A novel test access mechanism for parallel testing of multi-core system

The increased usages of multi-core systems diminish percore complexity and also demand several parallel design and test technologies. This paper introduces a novel test access mechanism (TAM) for parallel testing of multiple identical cores. Instead of typical test response data from the cores, the test output data used in this paper are the majority values extracted from the typical test response from the cores. All the cores can be tested in parallel and test costs (test time, test pins) are exactly the same as for a single core. The experiment results in this paper show the proposed TAM can test multiple cores with minimal test pins and test time and with negligible hardware overhead.

Test Scheduling Using Ant Colony Optimization for 3D Integrated Circuits

Cost of test scheduling for the 3D integrated circuits (IC) test is increased compared to the 2D IC due to the constraint factors such as the width of Test Access Mechanism (TAM), the number of Through Silicon Via (TSVs), thermal constraint, and test pin count constraint. In this paper, a low cost test scheduling mechanism using Ant Colony Algorithm (ACO) for the 3D IC is proposed. The experimental results using simulation demonstrate that the proposed algorithm has an effective solution for the 3D IC test scheduling.

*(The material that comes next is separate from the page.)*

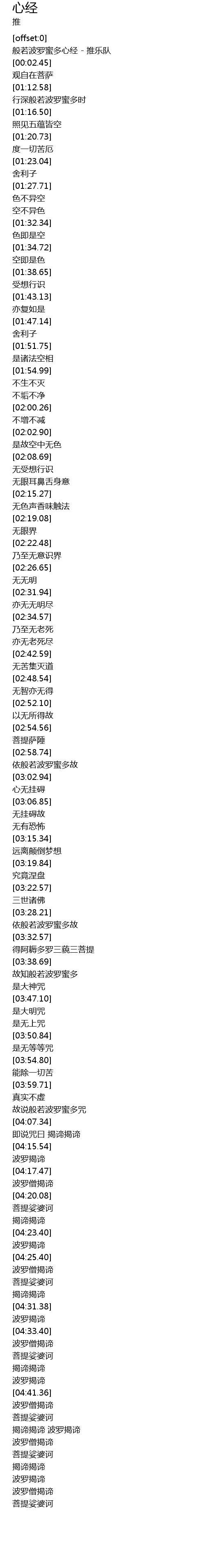 | [00:00.56] | 般若波罗蜜多心经 - 推乐队 |

Bit transmission error correction scheme for FlexRay based automotive communication systems

In the FlexRay communication network systems which are configured as a large number of ECUs (Electronic Control Units) and network topologies, the receivers have the different asymmetric transmission delays which cause the transmission errors. As the complexity of the communication network topology in vehicle increases, the asymmetric delay is getting longer. In this paper, the error estimation and correction scheme to ensure the integrity of the signal during operation when the transmission error occurs due to the asymmetric delay is proposed. Simulation results show the proposed scheme can correct the transmission errors effectively in performance.

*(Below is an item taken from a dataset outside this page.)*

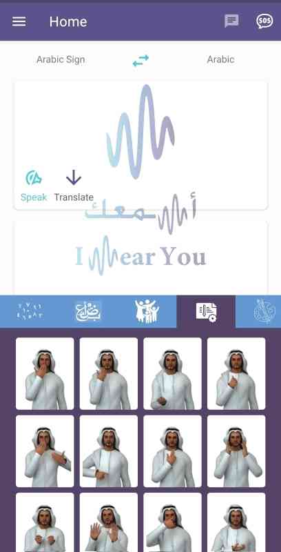 حيث يترجم لغة الإشارة إلى نصوص وكلمات ويترجم كذلك النصوص والكلمات إلى لغة الإشارة، فاتحاً للصم البكم باباً للتواصل والتفاعل مع المجتمع، لاغياً حاجز اختلاف اللغة الذي يمنعهم من المشاركة المجتمعية؛ ومشجعاً كون لغة الإشارة لغة عالمية تستحق أن تترجم، وبذلك تبدأ ميزات التطبيق بأنه متاح للاستخدام المهني والشخصي، حيث يستطيع الفرد وكذلك الشركات الاستفادة منه.

Path search engine for fast optimal path search using efficient hardware architecture

Recently, the optimal path search based on real-time traffic information is becoming more important in car navigation industries. The preference-based Ant Colony Optimization algorithm is suitable for the path search in a real-time traffic circumstance. However, this algorithm is not applicable to current car navigation due to the slow search time caused by the complex calculations. Likewise, sub-optimal problem is occurred according to circumstances of probability-based search and parameter settings in this algorithm. This paper presents a path search engine for the fast optimal path search, using simplified calculation and parallel architectures to apply path search algorithm. Also, A∗ architecture is added in the path search engine to supplement sub-optimal problem. The path search engine obtains the accurate optimal path and the search time improvement compared to the software-based path search in a general purpose processor that is typically used for car navigation.